The reason for a reported decline in use of herbal medicine after initiating ARVs may in part be due to patients' reluctance to disclose their use of herbal remedies, particularly as their physician's advice against concomitant medicine use. In addition, ART naïve patients receive once they have been identified as possible ART candidates in South Africa, especially at our sample hospitals, training on correct ART adherence which discourages the use of herbal medicines (Ramlagan and Peltzer, 2008). In the present study most (95%) of the health care providers were not aware that their patients were taking herbal treatments. Similarly, Langlois-Klassenet al. (2008) found in Uganda that only 16% of respondents had informed their conventional medical practitioners about their use of herbs. According to the South African National ARV Treatment Guidelines (Department of Health, 2004) patients must disclose any over-the-counter drugs and traditional medicines due to the possibility of contraindications and adverse drug interactions. Caution is noted that TCAM use has the potential for adverse effects (Hsiao et al., 2003).

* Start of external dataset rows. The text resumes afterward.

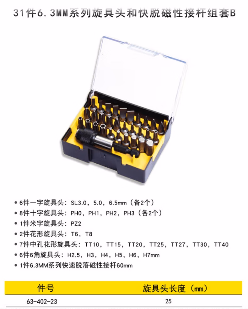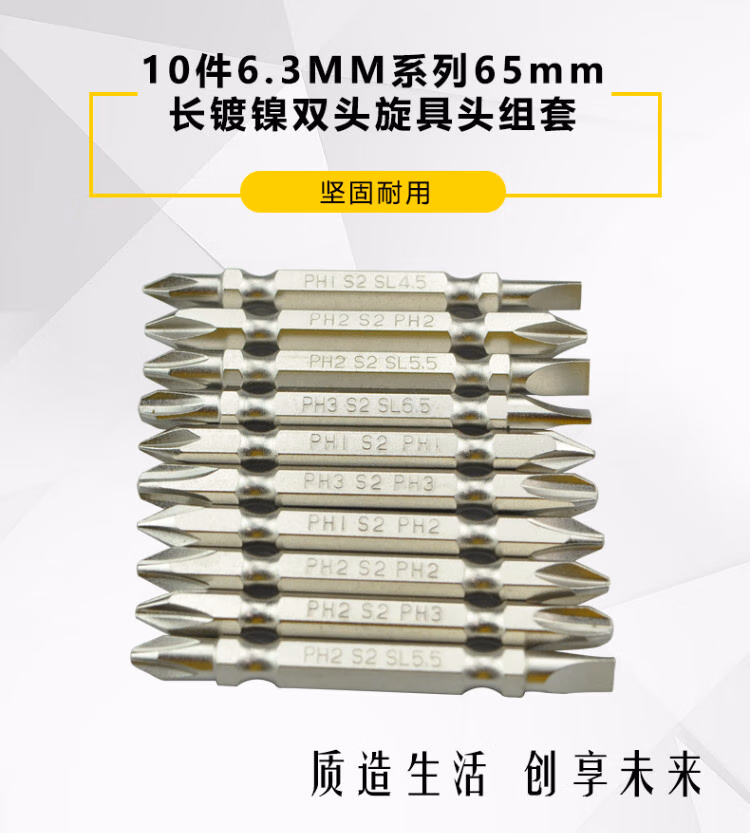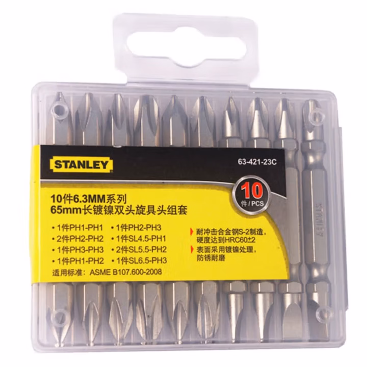 > 史丹利(STANLEY)10件6.3MM系列65mm长镀镍双头旋具头螺丝批头组套63-421-23C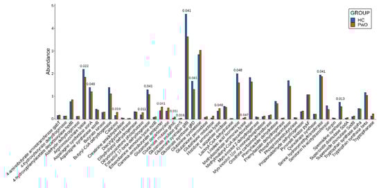 Changes in abundances of the genes in the PwD and HC groups. Only genes identified in more than half of the samples are shown on the graph. The values above the bars indicate the FDR-corrected p-values for genes with statistically significant differences in abundances.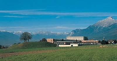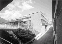 Für Schlögl, respektive seine Landesberufsschule für das Bau- und Malergewerbe, bildete dieser Bau mit seinen spezifischen Themen jedenfalls genauso wie die Landschaft eine Vorgabe. Schlögl respektierte beides. Vom Tal aus betrachtet, verdoppelt sich jetzt der horizontale, langgestreckte Bauteil, er fügt sich ein, indem er die Grenze zwischen den ansteigenden Wiesen und dem Bergmassiv dahinter markiert. Der auffällige Quertrakt erhielt so ein adäquates „leises“ Gegengewicht, das bis zu einer auffälligen Hügelkuppe mit drei Bäumen reicht. Diese künstlich erscheinende, trotzdem natürliche Topographie faßt den gesamten Bau im Osten. Schlögl verwendete zwar wieder ein langgestrecktes Volumen mit Bandfenstern, dennoch präsentiert sich der Neubau mit den dezent rötlichvioletten Betonsteinen ungleich eleganter als der ältere Bau. Und er ist durchgehend horizontal organisiert, wobei diese Geste in schwebende Dächer und Vordächer ausläuft.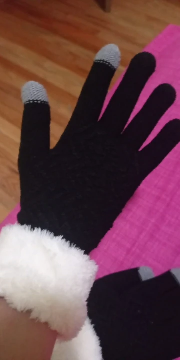 отличные перчатки, теплые, красивые, удобные, прекрасно садятся на руку, хорошо тянутся, покупал жене но и на мою руку плотно но сели, кончики пальцев черного цвета для работы с сенсорными экранами. доставка быстрая, качеством довольны! Продавцу успехов.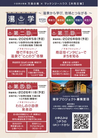 株式会社マッケンジーハウス(神奈川県平塚市)と、小田原お堀端 万葉の湯は、共同主催により、親子で地域を学ぶ探究型教育プログラム「湯学(YUGAKU PROJECT)」 を2026年2月より開始します。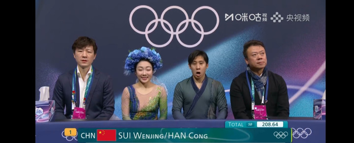 赛后,隋文静韩聪拥抱致意,并互相道别。这是属于他们的时刻,北京冬奥会的金牌,多个世锦赛与四大洲的金牌,足以让他们载入史册。

In the present study, a decline was also seen however in less controversial practices such as faith healing methods (including spiritual practices and prayer) and physical/body-mind therapies (exercise and massage), despite an increase in disclosure rates to providers. An alternative explanation may, therefore, be that improved physical well-being as a result of ARVs and improved understanding of adherence may have reduced the need for use of TCAM.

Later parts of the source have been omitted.